Left to compete with the summer heat, Yim estimates running his two air conditioners has increased Osamil’s electricity bill by $800 per month. Payal Sharma, owner of Baar Baar in the East Village, says the two water coolers and roughly 20 fans powering her outdoor setup have caused her electricity bill to “skyrocket.”

The sheer cost of cooling units, which can range from $400 to $4,000, is more than many independent restaurant owners can afford, and some restaurateurs who previously invested in enclosed outdoor spaces have had to get creative. American Brass in Long Island City turned one of its outdoor dining greenhouse into an actual greenhouse after realizing that the structures would not be usable in the summer heat, according to a spokesperson for the restaurant.

Others are looking at the units as a long-term investment for future summers of outdoor dining. “That structure is going to stay no matter what,” Sharma says of the outdoor setup at Baar Baar.
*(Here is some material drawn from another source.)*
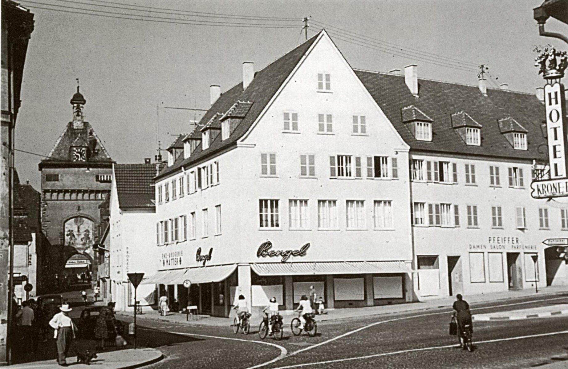 Foto 4: Das große Gebäude Bengel und der Friseurladen Pfeiffer-Wöhrle nach 1952

The restaurateur has outfitted her outdoor dining space with two water cooling units, which she received in July after a months-long backorder. The coolers cost $4,000 each before installation and electrical fees. It’s expensive, she says, but a small price to pay after the thousands of dollars she’s already sunk into the outdoor structure, including roughly $13,000 on individual heaters this past winter.

“This is a never-ending development,” she says. “You just keep going and going and going until something new pops up.”